Under the radar screen of MSM reporting on the midterms, Republican Ed Gillespie is quietly but steadily catching up to incumbent Democratic Sen. Mark Warner in Virginia. By hammering his opponent on his unwavering support for President Obama’s key policies — which the president declared “are on the ballot” — and offering his own specific proposals, Gillespie has closed the race to 10 points. Without the independent on the ballot, that gap narrows to one point. This week Gillespie rolled out an Obamacare alternative plan that “would reduce insurance premiums, enhance access to doctors, and increase the number of people with private insurance by 6 million more than Obamacare will. Gillespie’s plan would give a tax credit to everyone who buys health insurance in the individual market.” (He also has rolled out an economic recovery plan and lambasted Warner for supporting sequestration that has led to huge cuts in defense.)
Then things got very interesting when Warner was implicated in a scandal. The Post reported: “The son of a former Virginia state senator has told federal investigators that U.S. Sen. Mark R. Warner discussed the possibility of several jobs, including a federal judgeship, for the senator’s daughter in an effort to dissuade him from quitting the evenly divided state Senate.” Gillespie told Right Turn, “The report that Sen. Warner may have suggested a federal judgeship or other job in relation to a political decision is deeply troubling. We all need more answers on this matter, and he owes Virginians a full explanation of his actions”
At issue is whether the state senator was bribed by one side or the other in his decision to resign and thereby switch control of the state senate to Republicans. Warner’s response was less than a full-throated denial: “Warner spokesman acknowledged Friday that the conversation occurred, but he emphasized that the senator had made no explicit job offer.” Not explicit but perhaps an obvious effort to induce her father not to resign his seat. (“Warner was part of a string of high-powered Virginia Democrats who in early June pressed then-state senator Phillip P. Puckett not to go through with plans to give up his seat in the middle of a bitterly partisan battle over health care.”)
In fact, Warner was a virtual career guidance counselor for the senator’s daughter: “On June 6, three days before the state senator’s resignation became official, Warner called Puckett’s son, Joseph, and discussed an appointment to the federal bench as well as a potential corporate position for Martha Puckett Ketron, according to Joseph Puckett’s attorney, Charles E. ‘Chuck’ James Jr. of Williams Mullen.” This occurs in a state where a former governor, Robert McDonnell, was convicted on multiple felony counts for merely making phone calls and setting up meetings (deemed to be “official acts”) to benefit a donor and friend of his wife.

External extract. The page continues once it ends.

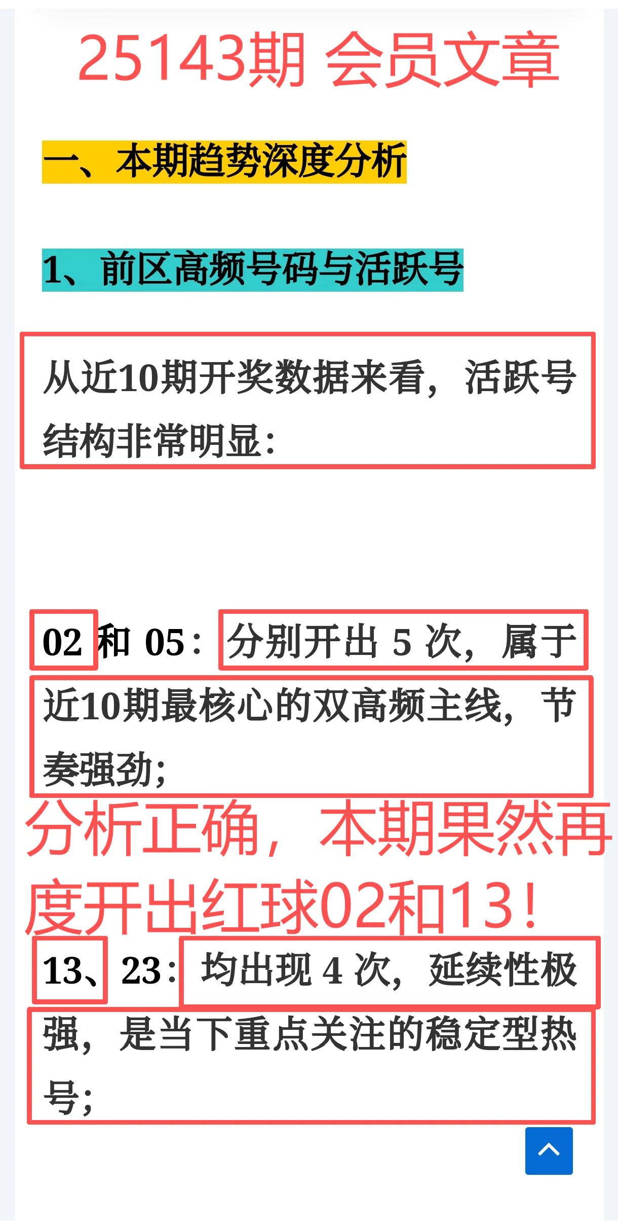 1、前区高频号+活跃号分析

Simply being “helpful” is no excuse and, as we learned in the McDonnell trial, there does not need to be an explicit (there’s that word again) quid pro quo. The evidence of an attempt to sway the senator via help for his daughter is intriguing:
“Senator Warner was not in a position to offer, and never did offer, any job to Mrs. Ketron, Warner spokesman Kevin Hall said. “When he spoke to Senator Puckett the following day, it was clear that he had made up his mind and had already drafted his letter of resignation.”
“’Talked to Warner for an hour last night,’ Joseph Puckett wrote in the message, read to The Washington Post by two people close to the matter. He went on to report, ‘He had no answer for how Democrats could deliver for Martha except for a potential corporate gig of some kind, which is not what she wants.'”
In other words, Warner was trying to persuade young Puckett but could not prove he could make the jobs all happen. (McDonnell wasn’t able to deliver either, but that didn’t matter to the jury.) Warner was not seeking pecuniary benefit for himself, but he was seeking something for his party. What might have seemed like political backscratching a year ago, in light of McDonnell, takes on the aura of something more sinister. Imagine if Puckett decided not to resign his seat because he understood Warner would use his office to give his kids extra help that no other Virginian would be getting. A potential headline — “Warner keeps Puckett in line and Puckett kids employed” — would have been damning.
To be clear, Warner has not been charged with anything. But involvement in a scheme under investigation by the feds is not going to help him keep his state. He has been laying low and essentially relying on name recognition and past popularity to slide through. If nothing else, the scandal may put him under the spotlight at a time anti-incumbent fervor is running high. Look for Gillespie to narrow the race even further.
Whether Warner winds up in legal hot water remains to be seen, but for voters rocked by a trial detailing favoritism, greed and manipulation, this incident will put Warner, a once popular governor, in a different light and emphasize Gillespie’s charge that Warner has become a captive of D.C. sleazy politics.